Hereditary spastic paraparesis (HSP) is a group of inherited neurologic diseases characterized by spasticity of the lower limbs. More than 70 genetic mutations leading to HSP have been identified, and inheritance has been described in an autosomal dominant, autosomal recessive or X-linked pattern. HSP is categorized as “pure” if symptoms are limited to spastic lower extremity paresis or “complex” if there are additional central nervous system or phenotypic abnormalities. SPG7 is a complex HSP caused by a mutation in paraplegin, a metalloproteinase in the mitochondrial membrane.

Mutation of the paraplegin protein SPG7 is often transmitted in an autosomal recessive manner and presents in the third to fourth decade with progressive weakness and spasticity of the lower extremities, often resulting in ataxia and dependence on mobility devices. This disease is also associated with optic neuropathy, ptosis, ophthalmoplegia, hearing difficulties, sphincter dysfunction and pes cavus, all of which were present in our patient. Treatment for HSP is mainly supportive with a focus on spasticity with medications such as baclofen and botulinum toxin in addition to physical therapy to maintain mobility. Genetic counseling is helpful for family planning and to identify family members at risk for inheriting this disease.

Mitochondrial diseases often have ocular involvement with characteristic manifestations such as ptosis and impairment of ocular motility. Once a pattern of mitochondrial disease is recognized, the next challenge lies in determining what genetic testing to obtain.
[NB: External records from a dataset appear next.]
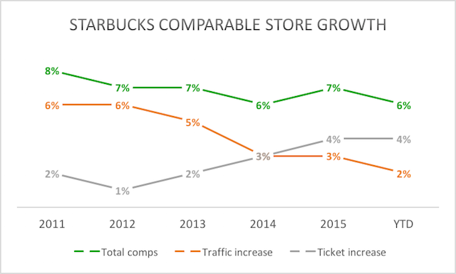 Growth in the former is driven by two factors: an increase in average ticket price and traffic growth. Increasing average tickets are a good sign of pricing power and the company's ability to upsell customers, while growing foot traffic is an equally (if not more) important metric. A rise in traffic can reflect the popularity of the brand, customer loyalty, and the ability to obtain new customers. A combination of the two metrics drives the total comps number, and Starbucks has more than impressed here.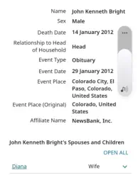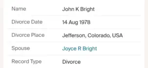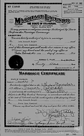 John K Bright Marriage licence to Diana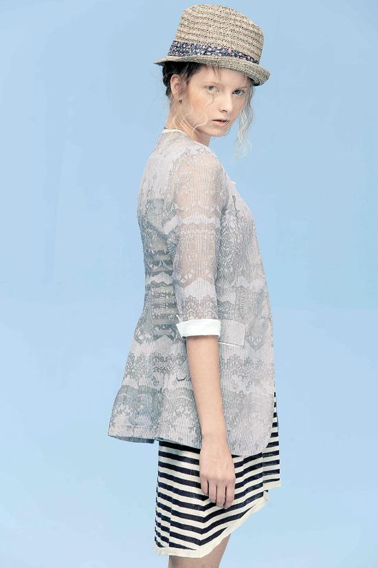 浅蓝色通花外套搭配条纹裙装,扑面而来的海洋感。(谜底)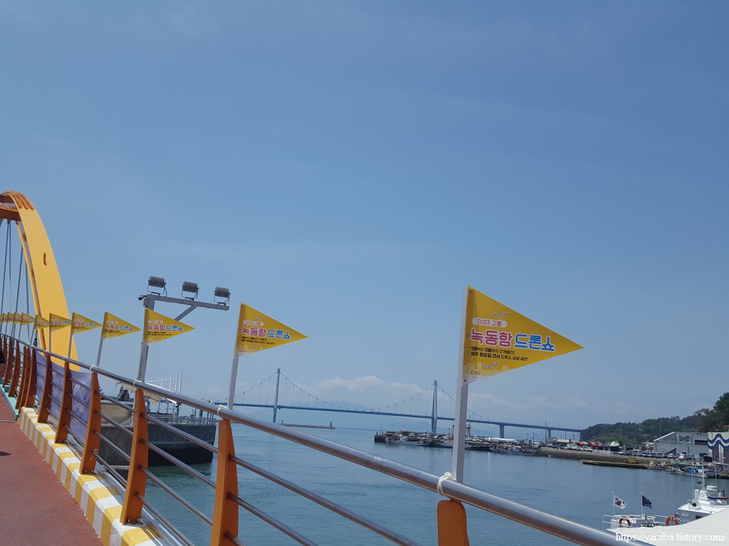 지름이 80미터에 이르는 인공섬인 녹동 바다 정원으로 건너가며 주위 풍경을 돌아본다. 11월까지 매주 토요일 저녁 9시에 드론쇼가 열린다고 한다. 녹동 구항에는 어선들이 빼곡하게 정박해 있다.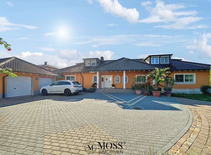 mit ganzen 635qm Wohnfläche! 2001 mit exquisitem Geschmack erbaut und 2016 umfangreich und hochwertig saniert, begeistert diese Villa mit allen erdenklichen Annehmlichkeiten! Sie betreten das Haus über eine elegante Veranda im Hacienda-Stil. Die einladend helle Diele führt Sie zu Ihrer Linken in eine moderne Designerküche, welche mit ihrem klaren Design und freier Kücheninsel für ein einzigartiges Kocherlebnis sorgt. Die Böden sind größtenteils mit edlem Eichenparkett belegt.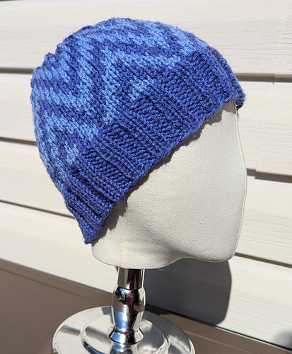 Number 6 was another fun knit found free on the Knitting With Schnapps website. This hat was designed by Robin Celli and is called Chevron Chic. Robin heads the Delaware Head Huggers. This is a great group that helps those with cancer. I used the leftover periwinkle and unknown blue for this hat. Finished September 26, 2025.

Mitochondrial function relies on both the mitochondrial genome and proteins encoded on nuclear DNA; therefore, testing for mitochondrial disease often requires investigation of both genomes, and some experts recommend whole exome sequencing of the mitochondrial and nuclear genome as the first step in patients with suspected mitochondrial disease. Whole exome sequencing is a nonspecific modality that can identify every mutation present in the mitochondrial and chromosomal genome, regardless of its relation to the disease in question. A gene panel is a more targeted approach that evaluates specific genes that are known to be related to a diagnosis or a phenotype. In our patient, a mitochondrial disease panel was ordered that sequenced the mitochondrial genome for pathologic variants and tested for mutations in the 202 nuclear genes that have been linked to mitochondrial disease. There are a multitude of genetic panels available from a variety of vendors, and providers can order tests from a menu categorized by symptoms, findings and diagnosis. Improvements in sequencing technology have decreased the cost and turnaround time of genetic testing. At the time of this writing, pricing ranges from $1,400 for small panels to $2,500 for whole exome sequencing, and results are typically available in 4 to 8 weeks.
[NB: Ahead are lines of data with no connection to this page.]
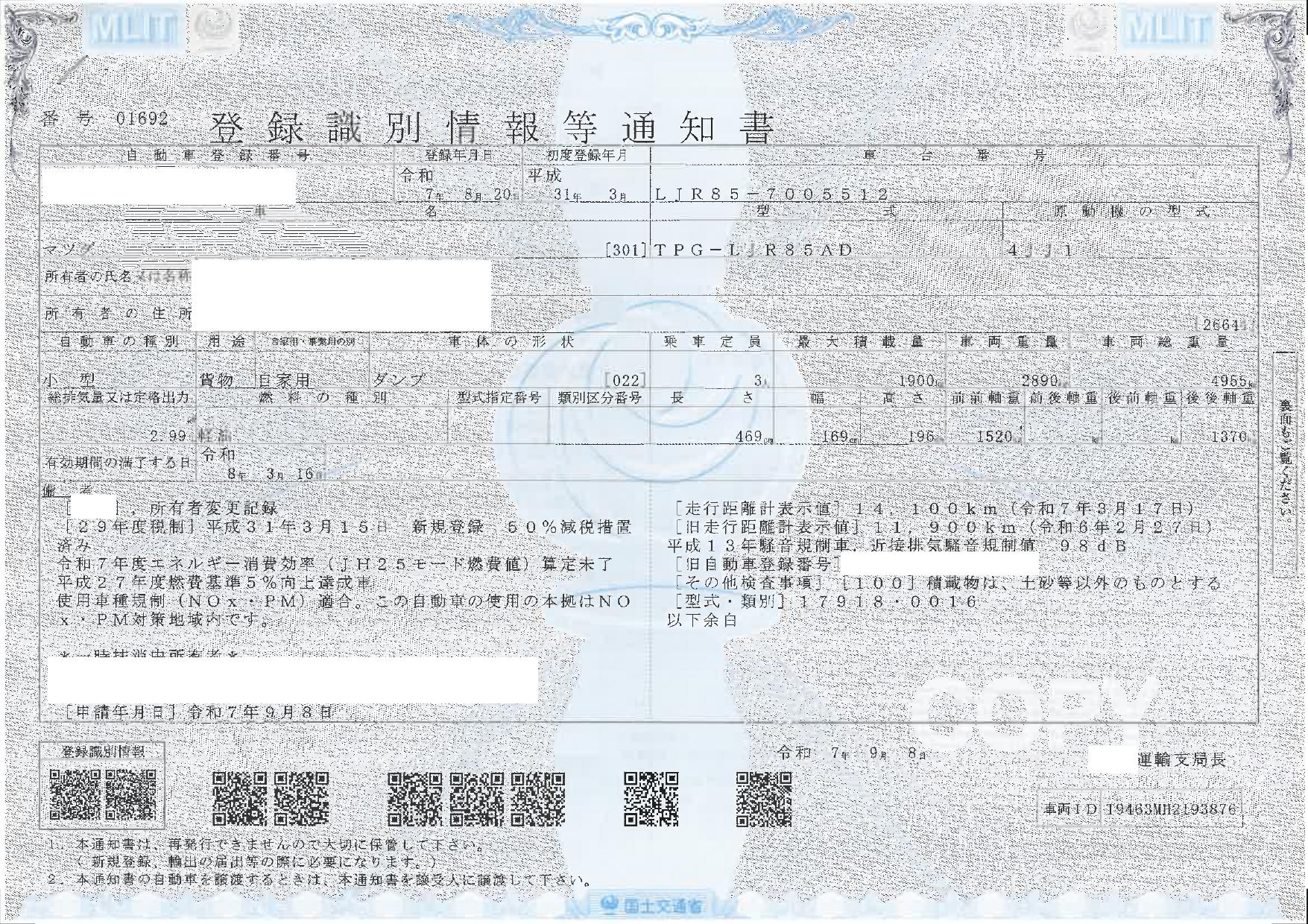 | 車検 | 抹消 |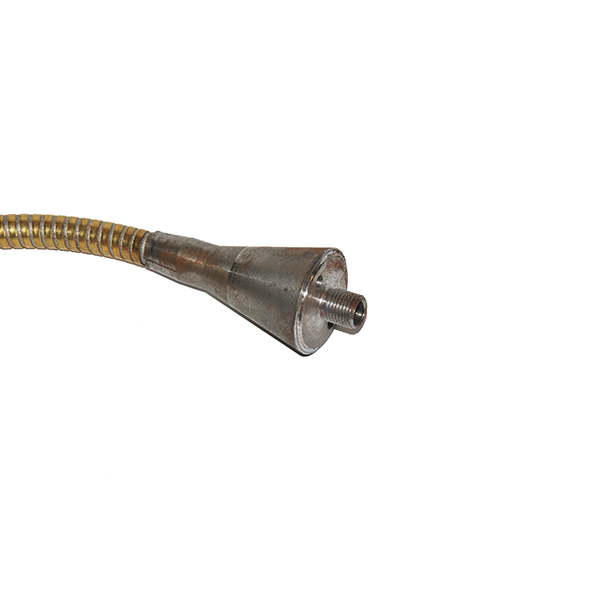 Arm aus Metall in Oberfläche Messing mit flexibler Rohrkonstruktion. Dieser flexible Arm aus Metall ist ideal, um flexible Tisch-oder Wandlampen zu kreieren und den Lichtstrahl auf den gewünschten Bereich zu richten. Innen hohl zum Durchführen des Stromkabels. Mit Gewinde an den Enden mit Gewindesteigung 10/100 (Typ universal für Lampen).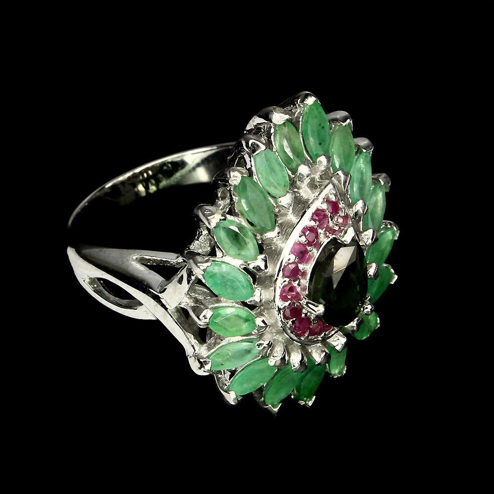 925 STERLING SILVER;PLATE14K WHITE GOLD;RING SIZE8(resizeable)MAIN STONECHROME DIOPSIDE;OTHER GEMSEMERALD,RUBY;TOTAL WEIGHT47.71 CT (TOTAL WEIGHT OF SILVER + STONE)DIMENSION* STONE 1.5 TO 7.0 X 5.0 MM. * FACE RING 25.0 X 22.0 MM.;MAIN STONE SHAPEPEAR CUT;MAIN STONE COLORTOP RICH GREEN;CLARITY/GRADEIF;LUSTERELEGANTTREATMENTUNHEATED;ORIGINRUSSIA;HARDNESS5.0 - 9.0;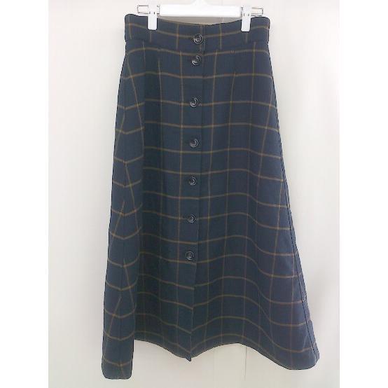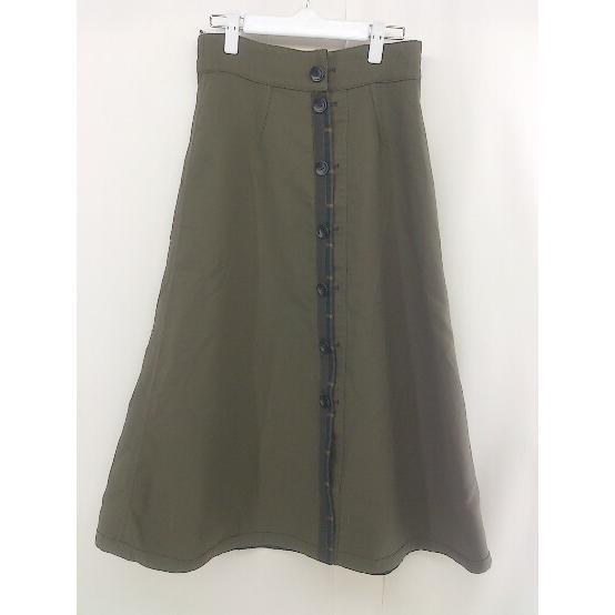◇ nano universe ナノユニバース フロントボタン ロング フレア スカート サイズ38 カーキ ネイビー レディース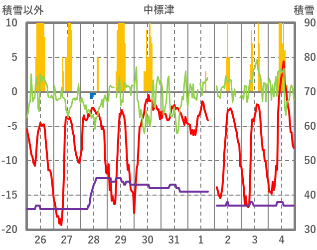 | 日 | 時 | 気温 | 降水 | 風向/風速 | 日照 | 積雪 | 降雪 |

In addition to genetic testing, mitochondrial disease can be detected with muscle biopsy and histochemical stains. Striated muscle cells contain large amounts of mitochondria, which contain specific proteins involved in production of adenosine triphosphate through oxidative phosphorylation. In mitochondrial disease, affected muscle fibers do not have the energy production necessary for normal function and appear “ragged” in comparison to neighboring muscle fibers. These fibers will show minimal histochemical staining of cytochrome oxidase, the final enzyme of the mitochondrial respiratory chain.

For the ophthalmologist, it is unlikely that a rare disease such as the SPG7 variant of HSP will come into the clinic. However, this case highlights the importance of recognizing findings suggestive of mitochondrial disease, such as ptosis with ocular dysmotility, optic neuropathy and pigmented retinopathies, and understanding the testing options available to evaluate for mitochondrial diseases.